### [DATA FOR REVIEW]
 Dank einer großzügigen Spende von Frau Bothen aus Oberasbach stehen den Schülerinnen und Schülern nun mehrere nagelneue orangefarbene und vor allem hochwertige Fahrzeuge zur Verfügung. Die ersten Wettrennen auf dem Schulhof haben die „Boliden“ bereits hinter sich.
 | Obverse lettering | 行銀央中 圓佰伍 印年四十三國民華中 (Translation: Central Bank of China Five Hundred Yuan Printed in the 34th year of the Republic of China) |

==

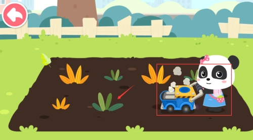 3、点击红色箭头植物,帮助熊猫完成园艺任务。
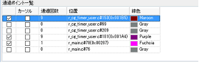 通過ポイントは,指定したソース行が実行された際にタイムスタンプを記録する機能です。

### [ASSIGNMENT]
Above are the records; restate exactly the lines from the one containing "3、点击红色箭头植物,帮助熊猫完成园艺任务。" through the one containing "通過ポイントは,指定したソー", keeping pictures out.

### [RESULT FOR THIS EXERCISE]
 3、点击红色箭头植物,帮助熊猫完成园艺任务。
 通過ポイントは,指定したソース行が実行された際にタイムスタンプを記録する機能です。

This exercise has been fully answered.